|Funding for:||UK Students, EU Students|
|Funding amount:||From £15,609|
|Placed On:||21st October 2021|
|Closes:||10th January 2022|
Location: Streatham Campus - Exeter
Extreme rainfall events that cause flooding are often caused by atmospheric fronts (Catto and Pfahl 2013). For example, the flooding associated with Storm Desmond in December 2015, which, along with the subsequent storm Eva, caused economic losses estimated between £1.3 and £5.8 billion, was from the rain that fell along the storm’s front (Matthews et al 2018).
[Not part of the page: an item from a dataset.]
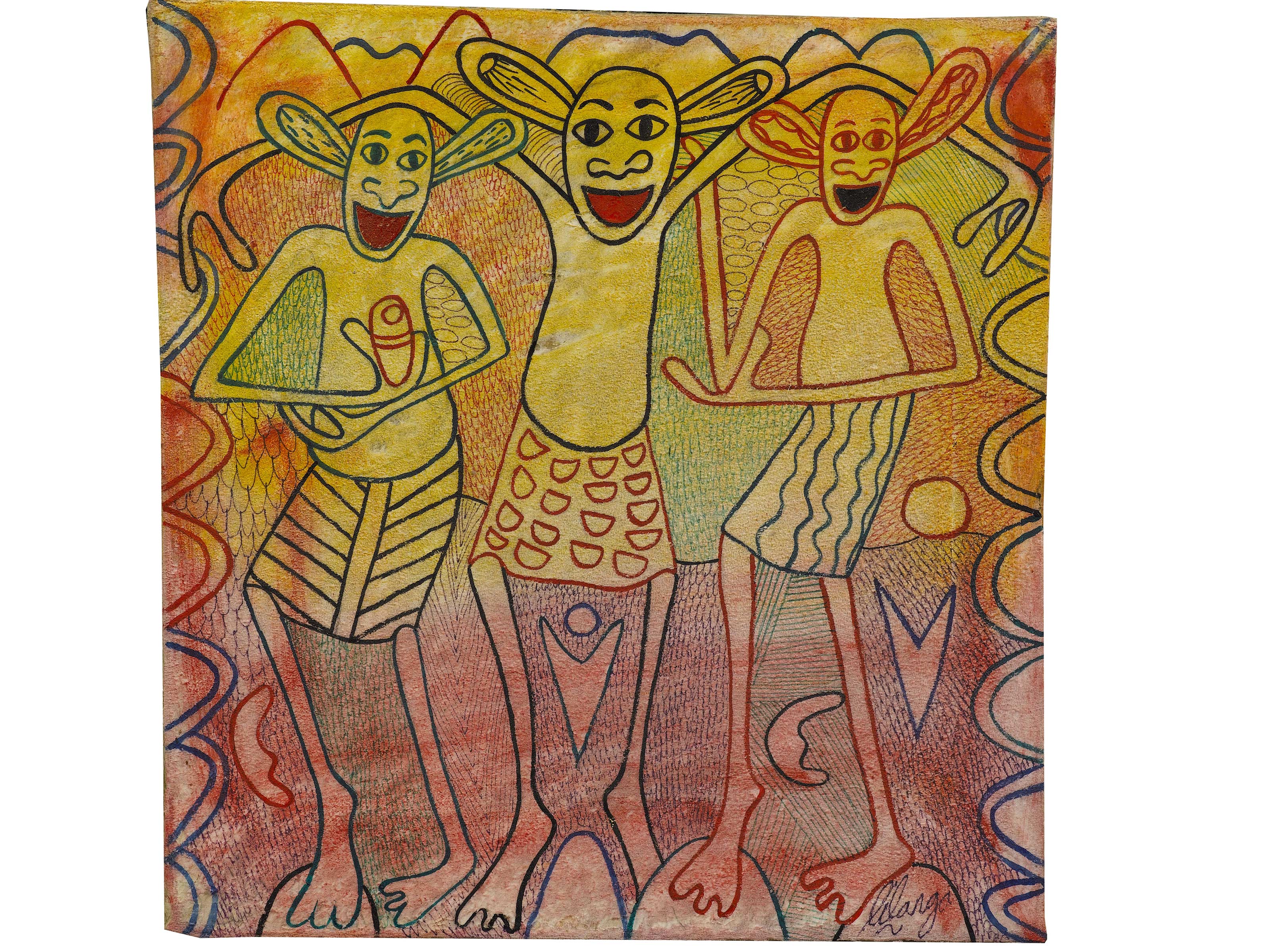 George Lilanga (Kikwetu 1934–Dar es Salaam 2005) Senza Titolo Olio su pelle...

Predicting the location of fronts and their intense rainfall can present a challenge in weather forecasting, resulting in difficulties giving accurate weather warnings.
Understanding the characteristics of high impact fronts and their dynamical precursors in observations can help to improve these predictions and future projections. In this project, the goal will be to develop greater understanding of high impact fronts, to then apply this understanding to evaluate both ensemble weather forecasts and climate projections of extreme precipitation events associated with fronts.
Project Aims and Methods:
The aims of this project will be to understand the lifecycle and dynamical and thermodynamic characteristics of fronts that contribute to extreme precipitation events in observations. Further, the methods developed will be applied to the Unified Model (UM) Climate Model, and the Numerical Weather Prediction model (specifically the Met Office Global and Regional Ensemble Prediction System – MOGREPS) in order to understand how well the models can represent these features.
Errors in frontal structure identified in the climate model may be able to provide insight into the causes of errors in the Met Office’s weather forecasts. We will investigate whether the systems that are simulated poorly in the climate model responsible for causing the largest uncertainty in the ensemble forecasts? Answering this may directly contribute to improving the representation of fronts in the models, and therefore the Met Office’s weather and climate forecasts, as well as improving their weather warnings.
With the guidance of the supervisors, the candidate will be given the opportunity to modify the research focus and weighting of the different aspects of the project to reflect their interests and strengths. This studentship comes with a generous budget for travel and training (£17k).
Applicants should have obtained, or be about to obtain, a First or Upper Second Class UK Honours degree, or the equivalent qualifications gained outside the UK, in Mathematics, Physics, Meteorology, Statistics, Environmental Science or another related field. Knowledge of scientific programming languages (e.g., Matlab, Python, IDL, R) would be advantageous.
This project is supported by a CASE partnership with the Met Office with Dr Duncan Ackerley as the main Met Office supervisor. Links with the Met Office will ensure access to data and expertise from their seamless modelling capability across prediction time scales.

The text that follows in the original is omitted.